Stored items from a collection:
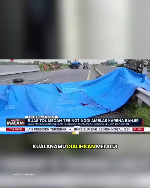Ruas Tol Medan–Tebing Tinggi di KM 41+600 ambles setelah tergerus banjir Sungai Batu Giging pada Jumat siang, memutus akses kendaraan menuju Medan. Petugas Jasa Marga Kualanamu dan Satlantas Polresta Deli Serdang langsung melakukan rekayasa lalu lintas, mengalihkan kendaraan melalui Gerbang Tol Kemiri, Kualanamu, dan Lubuk Pakam pada Jum'at (28/11/2025). Ikuti perkembangan berita terbaru lewat pantauan langsung hanya di BTV. Jangan lupa scan ulang TV Digital / Set Top Box kamu: • 44 UHF untuk B...
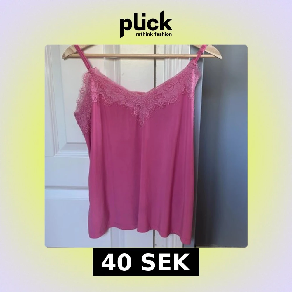 Supersöt rosa linnetopp från Amisu med tunna axelband och v-ringning dekorerad med spets. Toppens material är mjukt och lätt, perfekt för varma dagar. Spetsdetaljerna ger en extra touch och axelbanden är justerbara för bästa passform.
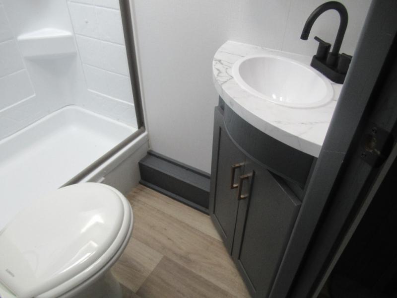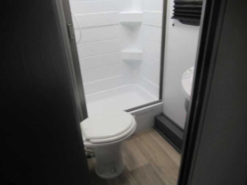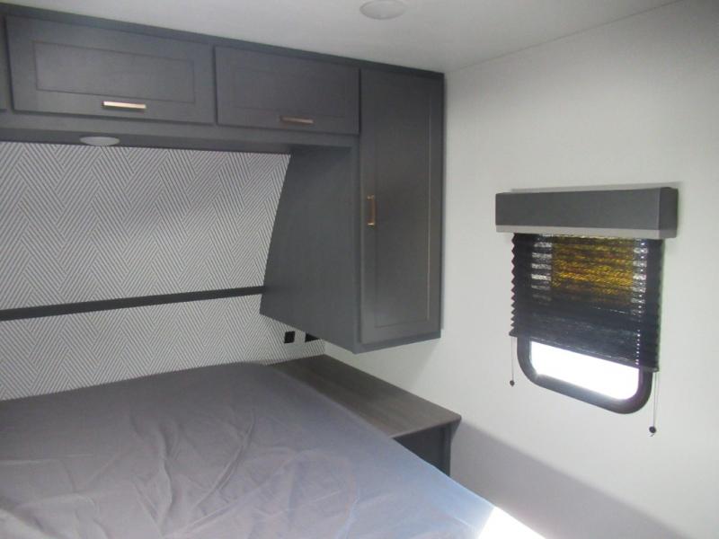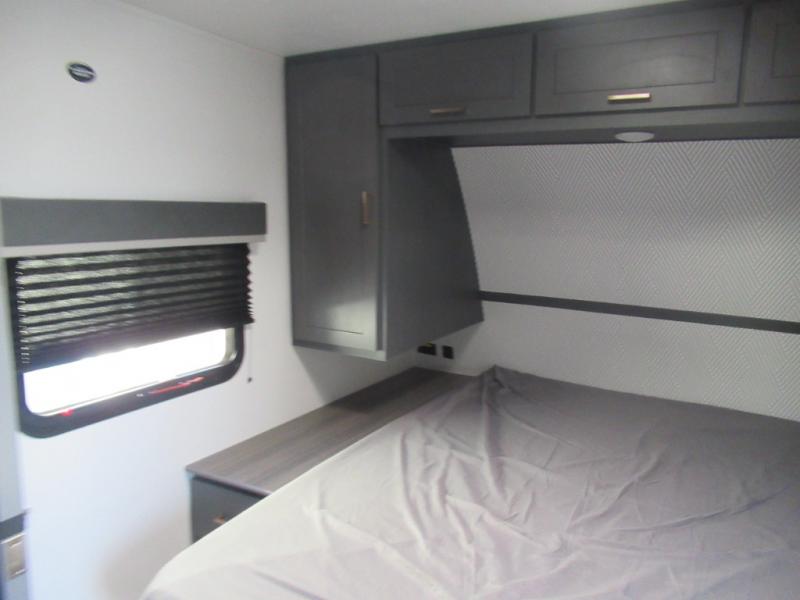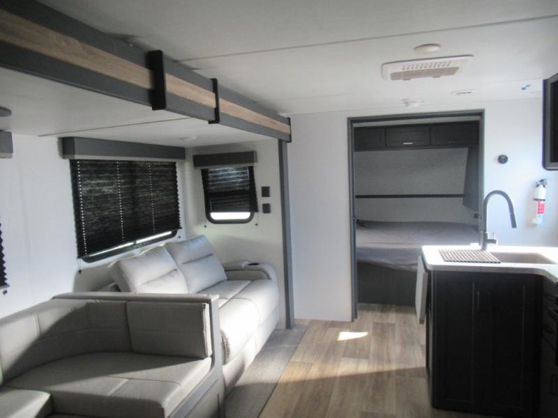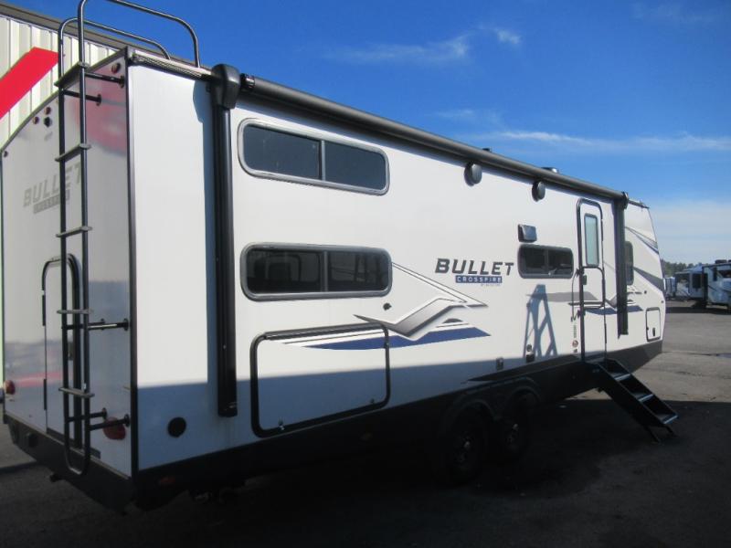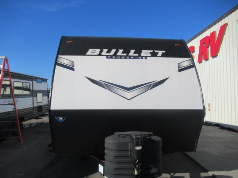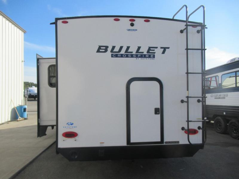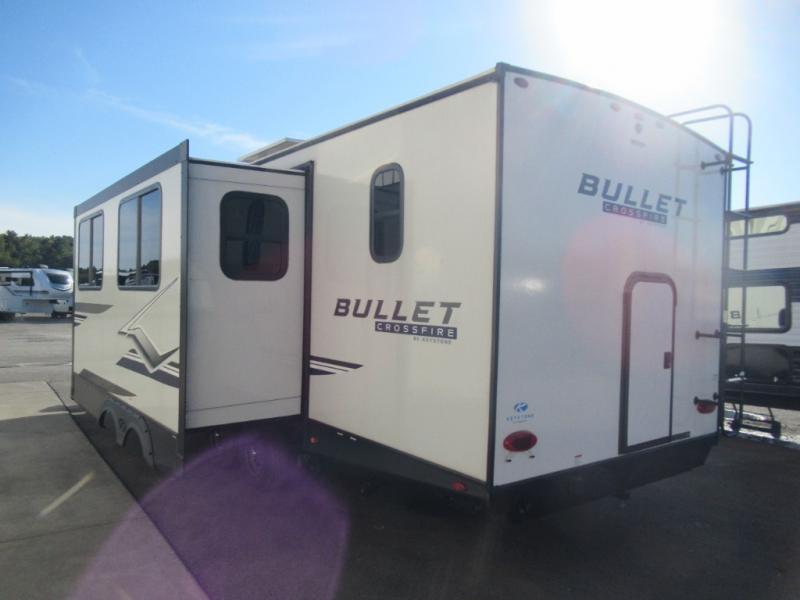 Each Bullet Crossfire Double Axle travel trailer by Keystone is constructed with a NORCO HSLA steel/automotive deposition coated frame assembled with huck bolts for durability. The TORFLEX rubber torsion suspension will provide smooth towing, and the one-piece ABS enclosed underbelly will help extend your camping season. Setting up your trailer will be a breeze with the electric tongue jack and four electric stabilizer jacks, and there is an electric awning with adjustable arms and LED lighting for an inviting outdoor living space. The affordable, high-quality RV solar energy system, SolarFlex Protect 220 comes standard with each model and will allow you to go off-grid when you want, or you can choose the optional SolarFlex Discover 440i for even more off-grid capabilities. Inside, you'll find fabric night shades, Beauflor woven flooring in the slides, full depth cabinets with full extension drawer guides, and many more comforts.
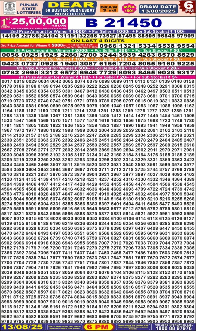 Leave a Comment on Punjab State Dear 50 Lottery Result 13.08.25
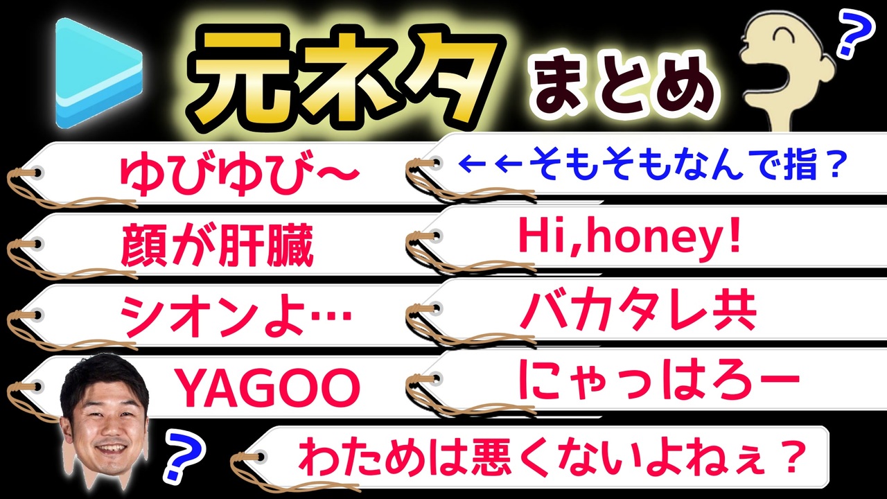 ホロライブ語録(用語)の元ネタ・起源・使い方などを初心者さんにもなるべくわかりやすいようにまとめました<br><br><a href="#" class="seekTime" data-seekTime="0:00" onclick="seekNicoPlayer('#0:00'); return false;">#0:00</a> ゆびゆび~ の起源<br><br><a href="#" class="seekTime" data-seekTime="0:34" onclick="seekNicoPlayer('#0:34'); return false;">#0:34</a> そもそもなんで「指」なの?<br><br><a href="#" class="seekTime" data-seekTime="1:09" onclick="seekNicoPlayer('#1:09'); return false;">#1:09</a> シオンよ… の起源<br><br><a href="#" class="seekTime" data-seekTime="1:41" onclick="seekNicoPlayer('#1:41'); return false;">#1:41</a> Hi,honey! の起源<br><br><a href="#" class="seekTime" data-seekTime="1:54" onclick="seekNicoPlayer('#1:54'); return false;">#1:54</a> わためは悪くないよねぇ の起源<br><br><a href="#" class="seekTime" data-seekTime="3:19" onclick="seekNicoPlayer('#3:19'); return false;">#3:19</a> 顔が肝臓 の起源<br><br><a href="#" class="seekTime" data-seekTime="3:33" onclick="seekNicoPlayer('#3:33'); return false;">#3:33</a> にゃっはろー の由来<br><br><a href="#" class="seekTime" data-seekTime="4:31" onclick="seekNicoPlayer('#4:31'); return false;">#4:31</a> バカタレ共 の起源<br><br><a href="#" class="seekTime" data-seekTime="5:24" onclick="seekNicoPlayer('#5:24'); return false;">#5:24</a> YAGOO の起源<br><br><a href="#" class="seekTime" data-seekTime="5:46" onclick="seekNicoPlayer('#5:46'); return false;">#5:46</a> ホロライブ がアイドル事務所になった起源<br><br><a href="#" class="seekTime" data-seekTime="7:17" onclick="seekNicoPlayer('#7:17'); return false;">#7:17</a> みこちはなんで「にぇ」って言うの?(おまけ)<br><br><br>※文字数オーバーの為元動画はYouTube版にて→<a href="https://youtu.be/YnZyDFMfoHw" target="_blank" rel="noopener nofollow">https://youtu.be/YnZyDFMfoHw</a><br><br>#ホロライブ切り抜き #hololive #ホロライブ元ネタ<br>

Task statement
A word-for-word copy of all the data is required, minus the pictures.

Solution below
Ruas Tol Medan–Tebing Tinggi di KM 41+600 ambles setelah tergerus banjir Sungai Batu Giging pada Jumat siang, memutus akses kendaraan menuju Medan. Petugas Jasa Marga Kualanamu dan Satlantas Polresta Deli Serdang langsung melakukan rekayasa lalu lintas, mengalihkan kendaraan melalui Gerbang Tol Kemiri, Kualanamu, dan Lubuk Pakam pada Jum'at (28/11/2025). Ikuti perkembangan berita terbaru lewat pantauan langsung hanya di BTV. Jangan lupa scan ulang TV Digital / Set Top Box kamu: • 44 UHF untuk B...
 Supersöt rosa linnetopp från Amisu med tunna axelband och v-ringning dekorerad med spets. Toppens material är mjukt och lätt, perfekt för varma dagar. Spetsdetaljerna ger en extra touch och axelbanden är justerbara för bästa passform.
 Each Bullet Crossfire Double Axle travel trailer by Keystone is constructed with a NORCO HSLA steel/automotive deposition coated frame assembled with huck bolts for durability. The TORFLEX rubber torsion suspension will provide smooth towing, and the one-piece ABS enclosed underbelly will help extend your camping season. Setting up your trailer will be a breeze with the electric tongue jack and four electric stabilizer jacks, and there is an electric awning with adjustable arms and LED lighting for an inviting outdoor living space. The affordable, high-quality RV solar energy system, SolarFlex Protect 220 comes standard with each model and will allow you to go off-grid when you want, or you can choose the optional SolarFlex Discover 440i for even more off-grid capabilities. Inside, you'll find fabric night shades, Beauflor woven flooring in the slides, full depth cabinets with full extension drawer guides, and many more comforts.
 Leave a Comment on Punjab State Dear 50 Lottery Result 13.08.25
 ホロライブ語録(用語)の元ネタ・起源・使い方などを初心者さんにもなるべくわかりやすいようにまとめました<br><br><a href="#" class="seekTime" data-seekTime="0:00" onclick="seekNicoPlayer('#0:00'); return false;">#0:00</a> ゆびゆび~ の起源<br><br><a href="#" class="seekTime" data-seekTime="0:34" onclick="seekNicoPlayer('#0:34'); return false;">#0:34</a> そもそもなんで「指」なの?<br><br><a href="#" class="seekTime" data-seekTime="1:09" onclick="seekNicoPlayer('#1:09'); return false;">#1:09</a> シオンよ… の起源<br><br><a href="#" class="seekTime" data-seekTime="1:41" onclick="seekNicoPlayer('#1:41'); return false;">#1:41</a> Hi,honey! の起源<br><br><a href="#" class="seekTime" data-seekTime="1:54" onclick="seekNicoPlayer('#1:54'); return false;">#1:54</a> わためは悪くないよねぇ の起源<br><br><a href="#" class="seekTime" data-seekTime="3:19" onclick="seekNicoPlayer('#3:19'); return false;">#3:19</a> 顔が肝臓 の起源<br><br><a href="#" class="seekTime" data-seekTime="3:33" onclick="seekNicoPlayer('#3:33'); return false;">#3:33</a> にゃっはろー の由来<br><br><a href="#" class="seekTime" data-seekTime="4:31" onclick="seekNicoPlayer('#4:31'); return false;">#4:31</a> バカタレ共 の起源<br><br><a href="#" class="seekTime" data-seekTime="5:24" onclick="seekNicoPlayer('#5:24'); return false;">#5:24</a> YAGOO の起源<br><br><a href="#" class="seekTime" data-seekTime="5:46" onclick="seekNicoPlayer('#5:46'); return false;">#5:46</a> ホロライブ がアイドル事務所になった起源<br><br><a href="#" class="seekTime" data-seekTime="7:17" onclick="seekNicoPlayer('#7:17'); return false;">#7:17</a> みこちはなんで「にぇ」って言うの?(おまけ)<br><br><br>※文字数オーバーの為元動画はYouTube版にて→<a href="https://youtu.be/YnZyDFMfoHw" target="_blank" rel="noopener nofollow">https://youtu.be/YnZyDFMfoHw</a><br><br>#ホロライブ切り抜き #hololive #ホロライブ元ネタ<br>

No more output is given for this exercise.